## DATA SUPPLIED
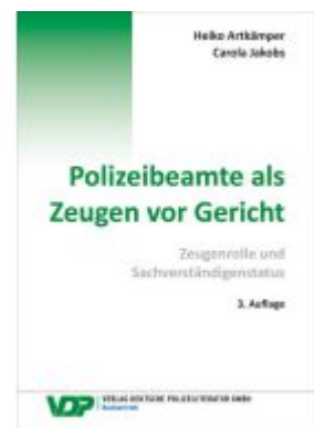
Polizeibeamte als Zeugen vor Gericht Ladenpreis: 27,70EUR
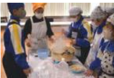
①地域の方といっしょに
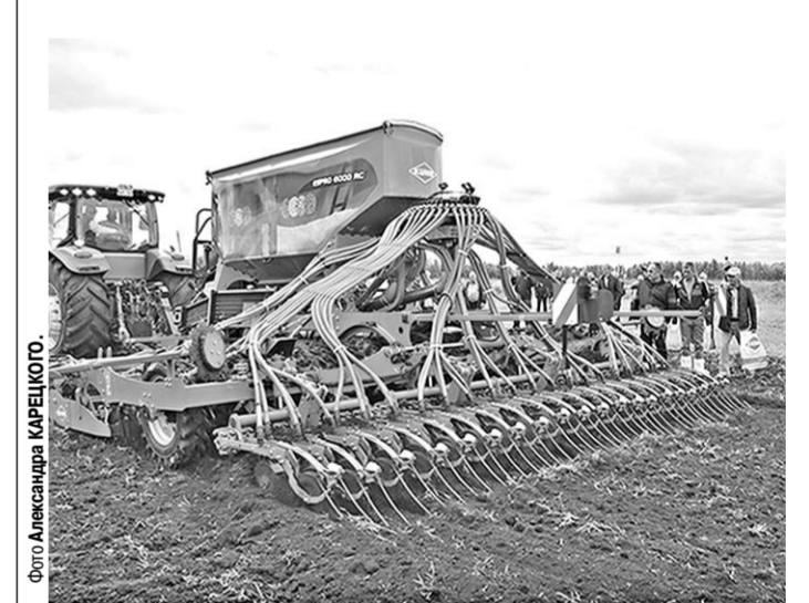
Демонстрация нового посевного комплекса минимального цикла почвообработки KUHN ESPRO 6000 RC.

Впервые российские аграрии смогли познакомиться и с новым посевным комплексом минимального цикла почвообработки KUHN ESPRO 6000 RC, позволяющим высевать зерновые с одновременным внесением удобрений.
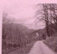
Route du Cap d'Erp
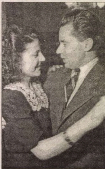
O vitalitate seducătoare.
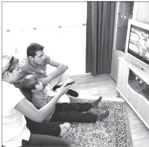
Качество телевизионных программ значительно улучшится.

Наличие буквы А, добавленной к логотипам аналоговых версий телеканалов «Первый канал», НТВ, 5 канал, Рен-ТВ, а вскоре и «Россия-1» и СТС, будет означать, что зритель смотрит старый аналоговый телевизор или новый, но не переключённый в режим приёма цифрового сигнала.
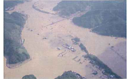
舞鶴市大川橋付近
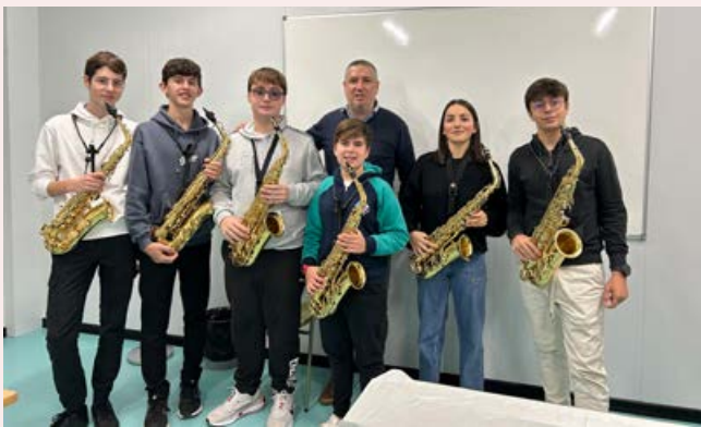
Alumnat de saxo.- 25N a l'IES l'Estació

## TASK TO COMPLETE
From the entries above, copy every line containing the word "ESPRO".

## ANSWER FOR THE TASK
Демонстрация нового посевного комплекса минимального цикла почвообработки KUHN ESPRO 6000 RC.
Впервые российские аграрии смогли познакомиться и с новым посевным комплексом минимального цикла почвообработки KUHN ESPRO 6000 RC, позволяющим высевать зерновые с одновременным внесением удобрений.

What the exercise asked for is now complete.